Еще не успел принять решения — оставаться здесь или бежать к штабу, — взвыла сирена и голос дежурного, усиленный мегафоном, равнодушно оповестил окрест:

— Воздушная тревога!

Каких-либо обязанностей по этой тревоге у него не было, да и товарищи знали, где его найти, если возникнет необходимость, вот и остался лейтенант сидеть на берегу, не особенно веря, что этот фашистский разбойник предпримет что-то активное: вот уже около недели вражеские самолеты систематически ночами появляются над Волгой, чтобы, полетав вдоль нее, уйти на запад. Предполагал он, что так будет и сегодня. Но в гул моторов самолета, который теперь уже заглушал бой колес буксирного парохода, неожиданно вплелся знакомый до холодка у сердца вой падающих бомб. Томительное ожидание — и грохот взрывов, приглушенных водой. Одна из бомб все же угодила в баржу, рванула там во всю мощь, и моментально огненный шар стал стремительно подниматься из носового отсека баржи, за доли секунды раздулся и лопнул, обрушив на зеркальную Волгу огненную реку, которая понеслась вниз, увлекаемая течением.

Буксирный пароход, будто ему стало невероятно больно, загудел прерывисто, тревожно. По палубе его забегали полуодетые люди, что-то крича, яростно жестикулируя.

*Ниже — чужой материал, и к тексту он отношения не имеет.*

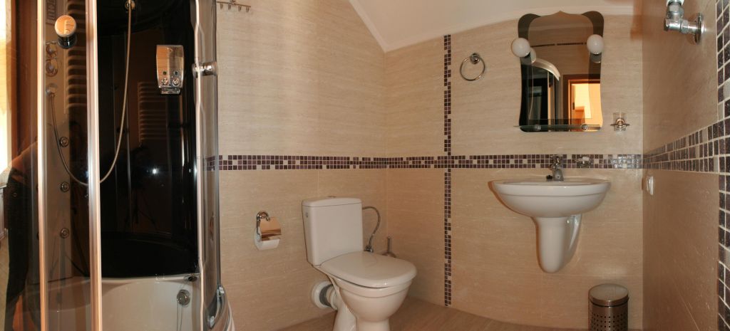 Двохспальний розкладний диван, односпальне ліжко, столик, стільці, шафа для одягу, комод, телевізор, санвузол (умивальник, гідромасажний бокс, туалет, сушарка для рушників).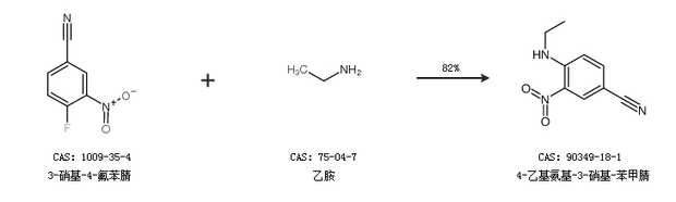 1.通过3-硝基-4-氟苯腈和乙胺合成4-乙基氨基-3-硝基-苯甲腈,收率约82%;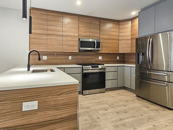 The kitchen is equipped with brand-new stainless steel appliances, while the home also offers in-unit laundry, central air, and a large private backyard for outdoor enjoyment.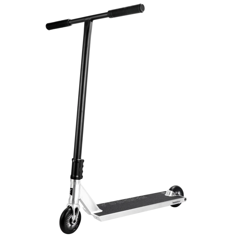 Трюковой самокат Tech Team Parmula белый – лучшая техника для экстрима и качественных прыжков. Легкий и прочный самокат весом 3,2 кг предлагает купить наш интернет-магазин. Модель считается лучшей по ценовой категории, стоимость оправдывает цели. Предлагаем убедиться в этом самостоятельно. Рама изготовлена из инновационного алюминия, выдерживающего максимальные нагрузки, не теряющего первоначальных характеристик при эксплуатации в жестких условиях. Презентабельный дизайн, надежность модели делает самокат лучшим в своем сегменте. Рулевая часть – послушная, оборудована прорезиненными грипсами, повторяющими строение руки райдера, делающими хват крепким. С такими параметрами уверенность ездока увеличивается в космических темпах. Нескользящая прорезиненная дека обещает безопасность при пользовании самокатом, исключает случайное соскальзывание стоп. 120-мм колесная часть, оснащенность алюминиевой фрезерованной вилкой гарантирует максимальный разгон и отличный накат, важный для выполнения трюков, маневрирования, выполнения других элементов экстремальной езды. Надеемся, вы остались в восторге от самоката. Предлагаем не откладывать оформление заказа на завтра, приступить к работе прямо сегодня.

Теперь, когда горела, казалось, сама Волга, хорошо было видно, что буксирный пароход ведет две баржи-нефтянки, что бомба попала в ту, которая шла сразу за ним; вторая баржа была еще цела, от ее кормы торопливо отходила лодка-завозня, в которую попрыгали все, кто был на этой барже ее экипажем.

Манечкин мысленно одобрил решение шкипера: с минуты на минуту могла сначала загореться, а потом и взорваться и его баржа; у ее бортов суетились язычки кровавого огня.

Шкипер немного растерялся, он хотел как можно быстрее оказаться на берегу, вот и пересекал на лодке-завозне огненную реку; временами их не было видно из-за клубов густого черного дыма.

А рядом с Манечкиным уже оказались его матросы. С оружием. Стояли рядом и, бессильные сделать что-либо полезное, молча смотрели на буксирный пароход, который по-прежнему гудел тревожно, прерывисто, на баржи, вроде бы обреченные на гибель, и на лодку-завозню, все же пробившуюся к берегу.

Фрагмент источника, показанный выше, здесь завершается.